I will try to answer this first part of the question:
Could somebody please comment on whether this seems sensible? To me it doesn't- how can there be no branch misprediction or instruction cache miss statistics for a line of polymorphic code where the branch target will constantly be changing per message?
This cannot be due to compiler optimizations/inlining because the compiler wouldn't know the subtype of the object to optimize.
There is actually a way for a compiler to inline calls to virtual functions, it's kind of an interesting trick and I was surprised when I learnt about it.
You can watch this Eric Brumer's talk for more details, starting from 22:30 min mark he talks about indirect calls optimization.

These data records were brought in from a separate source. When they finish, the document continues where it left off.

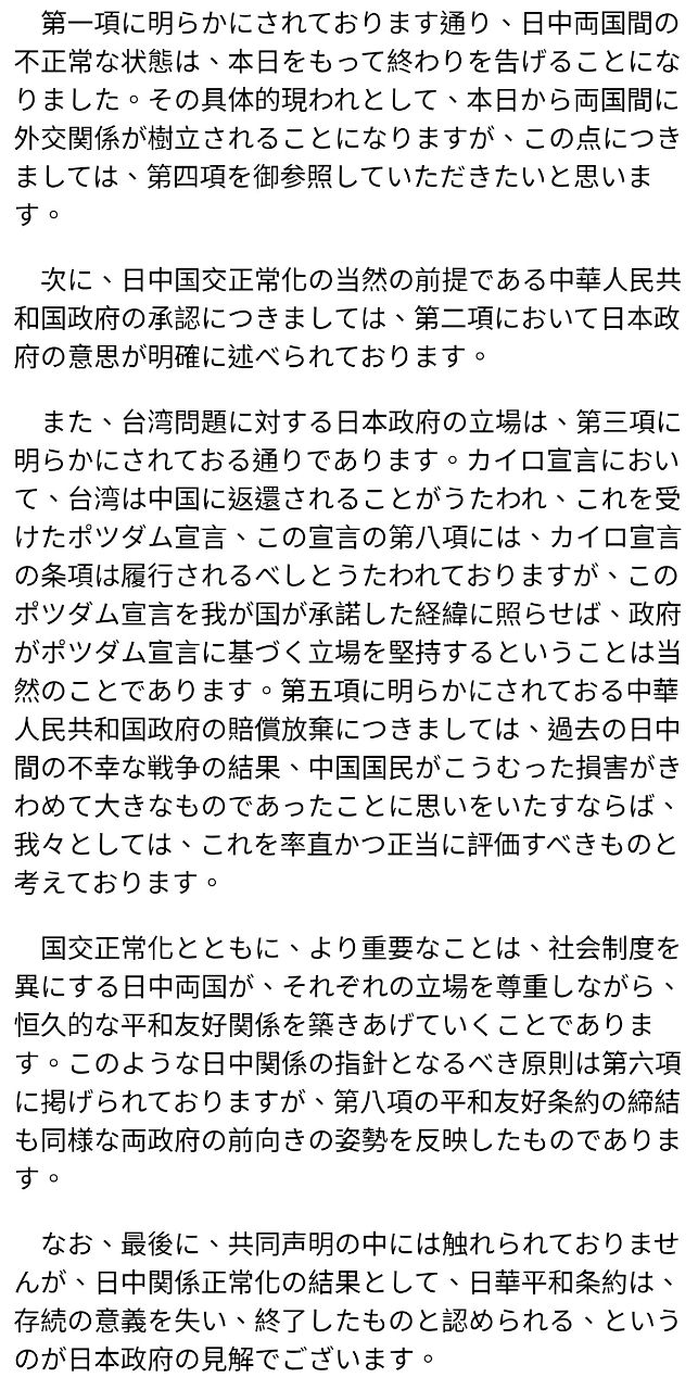 Re: [問卦] 欸幹 我們還是日本領土喔你真的覺得中國這樣是在玩火? 都是白癡? 抱歉 這是中共一貫的立場 起碼從 1972年開始 我們來看 中日建交宣言 (中共對日本)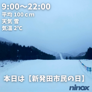 | 滑走状況 | 全面可能[◎] | 天気 | 小雪 | 気温 | 2℃ | 雪質 | 圧雪 | 積雪 | 100cm |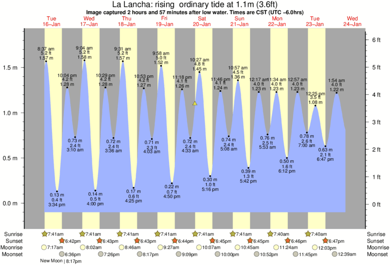 Image captured 2 hours and 55 minutes before high water (rising ordinary tide). Tide height was 1.1m (3.6 ft). Range 1.85m (6.1 ft). Toggle tide graph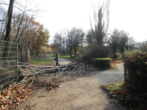 Eine ca. 12 m hohe Pappel war abgebrochen und lag quer über den Gehweg. Der Baum wurde mittels Motorsäge kleingeschnitten und beseitigt.
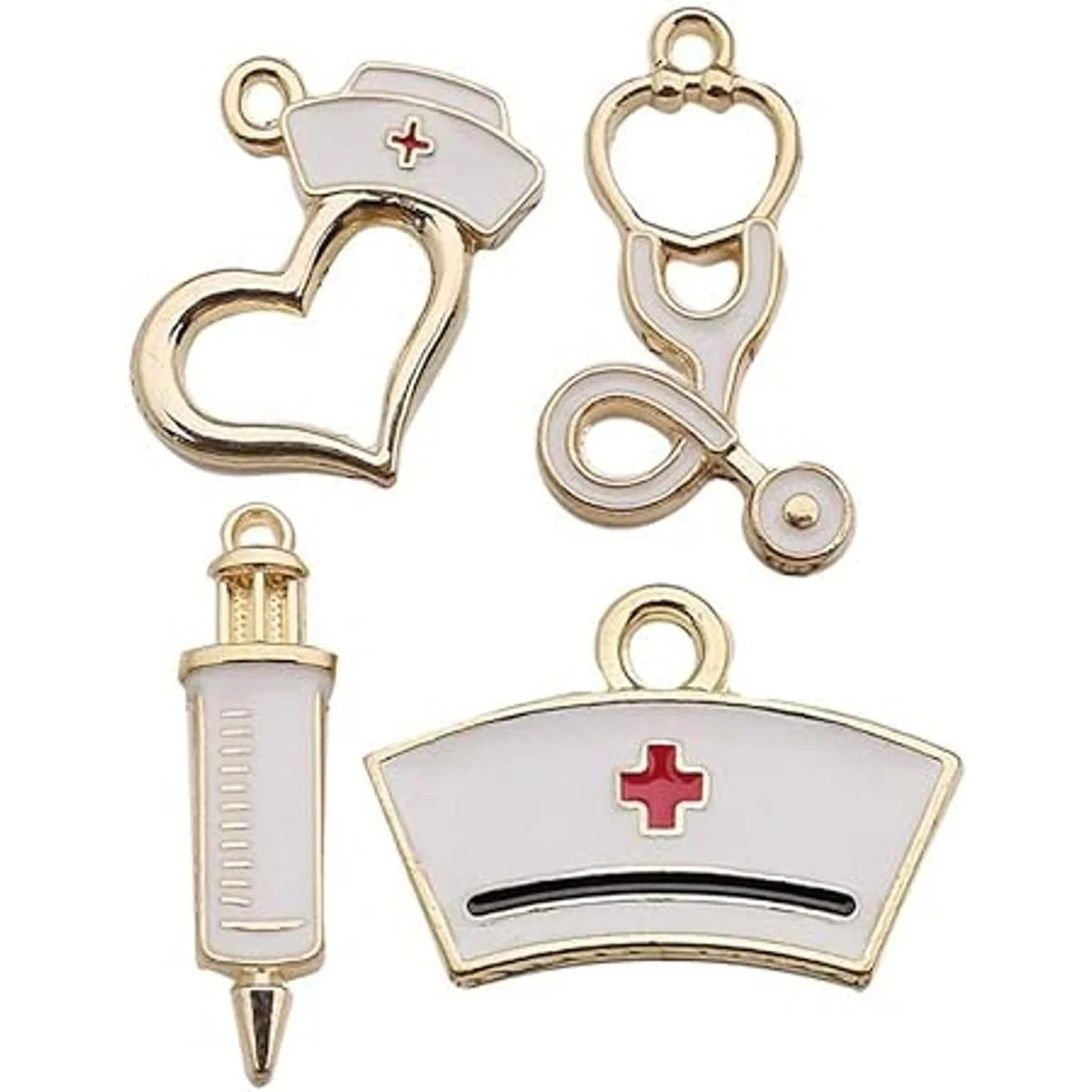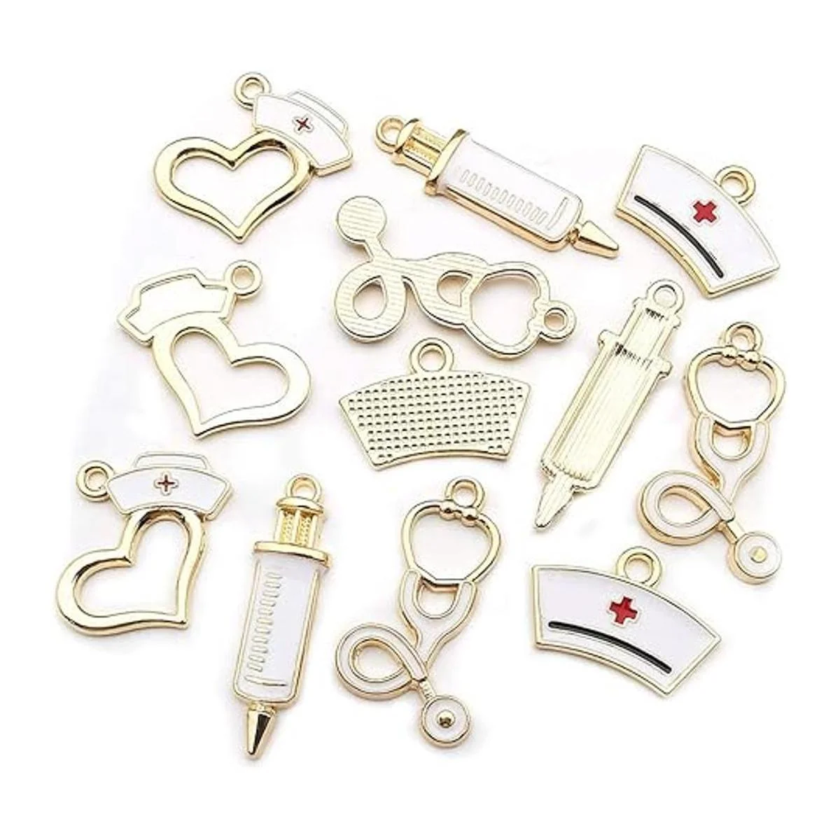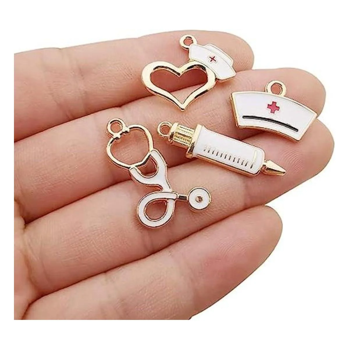 32 dijes chapados en oro para enfermera, estetoscopio, jeringa, casquillo, para hacer joyas, manualidades, hallazgos, accesorio para bricolaje collar pulsera M430

Basically, instead of issuing a simple jump instruction to that virtual function pointer, compiler adds some comparisons first, and for some known values of pointers predict the specific virtual function called, and then that call can be inlined inside that branch. In that case the unpredictable pointer value jump turns into a simple comparison branch prediction, and modern CPUs are good at that. So if most of the calls are going to be into the same specific virtual function implementation, you may see good prediction numbers and low instruction cache miss numbers.
I'd recommend looking into dis-assembly for that function call. Does it honestly jump to the code using vtable pointers indirection, or does it avoid vtable jump via some optimization.
If the call is not optimized by compiler there's still some way for a CPU to speculate, dig into Branch Target Buffer. For example, if this function is called in a tight loop on the object of the same type, then it may not matter if it's virtual or not, its address may be predicted...
HTH.